Note: The topic is important from TISSNET point-of-view.
Since elections in four states and one Union territory in March-April are likely to have initiated the second stage of the Covid pandemic, a thorough discussion on a concept as important as “one nation, one election” is needed.
The idea should be pondered primarily around five issues: the financial costs of holding elections; the expenses of repeated administrative freezes; the known and unknown costs of constantly deploying security forces; political party campaign and financial services costs; and the problem of regional/smaller parties having a level playing field.
Background on Simultaneous Elections
- The notion has been around since at least 1983, when it was initially proposed by the Election Commission. In India, though, simultaneous elections remained the rule until 1967.

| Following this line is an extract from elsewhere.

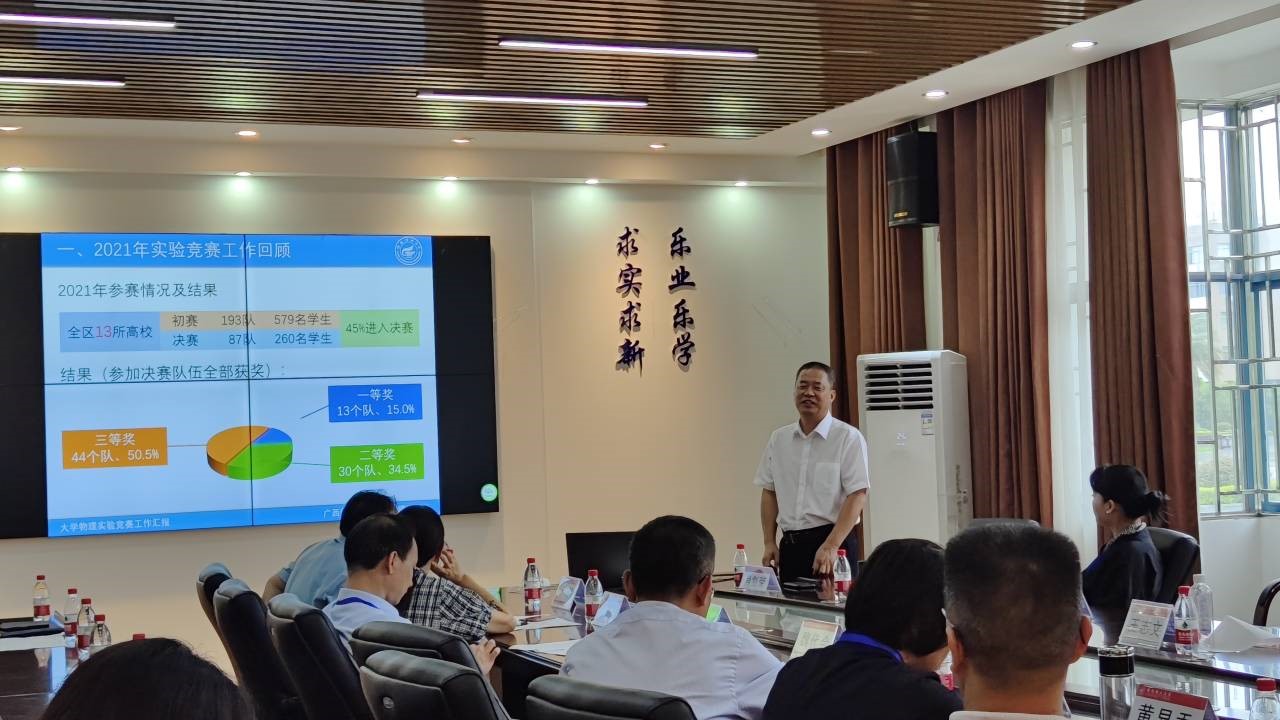 6月22日至23日,由广西物理学会、广西本科高校物理学类教学指导委员会主办,beat365承办的广西高校大学物理实验教学改革与创新研讨会暨2023年广西高校大学生物理实验竞赛决赛在beat365雁山校区举行。学校党委副书记吴志强出席活动并致辞。广西物理学会和广西本科高校物理学类教学指导委员会部分成员、全区16所高校物理及相关学院领导、教师和学生约400人参加会议。

- In 1951-52, the House of People (Lok Sabha) and all State Legislative Assemblies held their first general elections.
- This pattern was repeated in three successive General Elections, in 1957, 1962, and 1967.
- The cycle was disturbed in 1968 and 1969 when several Legislative Assemblies were prematurely dissolved.
- The Lok Sabha was dismissed early in 1970, and new elections were conducted in 1971. As a result, the First, Second, and Third Lok Sabhas each served for a full five years.
- Independent elections to the Lok Sabha and several State Legislative Assemblies have been held as a consequence of early dissolutions and extensions of tenure of both the Lok Sabha and several State Legislative Assemblies, disrupting the pattern of simultaneous elections.
Simultaneous Election Debates
According to an NITI Aayog report, the country holds at least one election annually. In fact, every state holds one as well. NITI Aayog noted in that article that holding numerous elections has a number of direct and indirect consequences.
- Elections Have Immeasurable Economic Costs: Directly allocated costs for a state the size of Bihar are roughly Rs 300 crore. Nevertheless, there are additional monetary expenditures as well as incalculable economic effects.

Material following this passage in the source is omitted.